Dilansir dari laman kompas.com Pasien-pasien itu sekitar dua kali lebih mungkin daripada mereka yang tidak memiliki gejala neurologis untuk membutuhkan ventilator karena mereka “sangat tidak sehat dengan syok sistemik sebagai bagian dari keadaan hiperinflamasi mereka,” kata seorang penulis penelitian, Dr. Omar Abdel-Mannan, seorang rekan peneliti klinis di Institut Neurologi Universitas College London. Pasien dengan gejala neurologis juga sekitar dua kali lebih mungkin memerlukan obat untuk meningkatkan kemampuan jantung untuk menekan, katanya.

Baca Juga : Komunitas Kesehatan Anatomi Sistem Saraf Anak 

Kondisi yang disebut Multisystem Inflammatory Syndrome in Children (MIS-C), biasanya muncul dua hingga enam minggu setelah infeksi Covid, seringkali yang hanya menghasilkan gejala ringan atau tidak sama sekali. Sindrom ini jarang terjadi, tetapi bisa sangat serius. Data terbaru dari Pusat Pengendalian dan Pencegahan Penyakit melaporkan 3.165 kasus di 48 negara bagian, Puerto Riko dan Distrik Columbia, termasuk 36 kematian.

Temuan baru ini memperkuat teori bahwa sindrom tersebut terkait dengan lonjakan peradangan yang dipicu oleh respons imun terhadap virus, kata Dr. Abdel-Mannan. Untuk anak-anak dalam laporan, gejala neurologis sebagian besar teratasi saat gejala fisik diobati.

Dokter di Amerika Serikat juga baru-baru ini melaporkan gejala neurologis pada anak-anak dengan MIS-C. Dalam sebuah penelitian yang diterbitkan bulan lalu di JAMA Neurology, 126 dari 616 orang muda dengan sindrom yang dirawat di 61 rumah sakit AS tahun lalu memiliki masalah neurologis, termasuk 20 dengan apa yang para peneliti gambarkan sebagai masalah “mengancam jiwa” seperti stroke atau “ensefalopati parah. ”
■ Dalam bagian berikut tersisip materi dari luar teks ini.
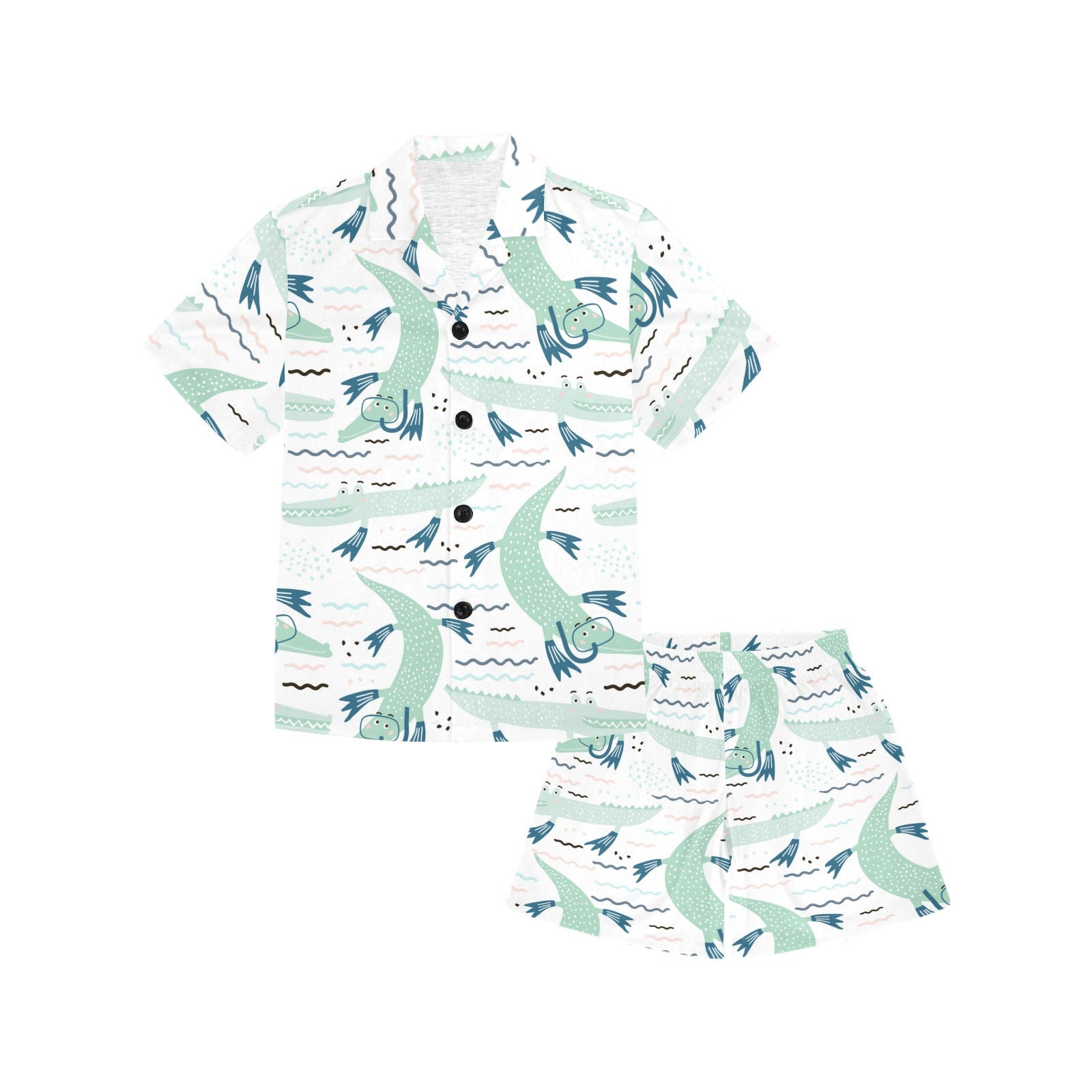 Crocodile diver pattern Kids' Boys' Girls' V-Neck Short Pajama Set
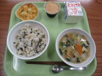 今日は『十五夜献立』です。秋の十五夜は「中秋(ちゅうしゅう)の名月」と呼ばれ、特に美しい月がみられます。給食では、月にみたてた黄色のお月見団子を作りました。今日の夜は晴れるそうなので、ぜひ月を眺めてみましょう!

Laporan baru, yang dipresentasikan sebagai penelitian awal pada hari Selasa sebagai bagian dari konferensi tahunan American Academy of Neurology, mengevaluasi anak-anak di bawah 18 tahun yang dirawat di Rumah Sakit Great Ormond Street (GOSH) antara April dan September tahun lalu dengan sindrom tersebut memiliki nama dan akronim yang berbeda, PIMS-TS, di Inggris). Data tersebut juga termasuk dalam pracetak studi yang lebih besar yang belum ditinjau oleh rekan sejawat.

Seperti halnya dengan penelitian lain tentang sindrom ini, termasuk di Amerika Serikat, para peneliti mengatakan mayoritas dari mereka yang menderita adalah “bukan kulit putih”, sebuah pola yang diyakini para ahli kesehatan masyarakat mencerminkan cara pandemi yang tidak proporsional mempengaruhi komunitas kulit berwarna. Hampir dua pertiga pasien adalah laki-laki, dan usia rata-rata adalah 10 tahun.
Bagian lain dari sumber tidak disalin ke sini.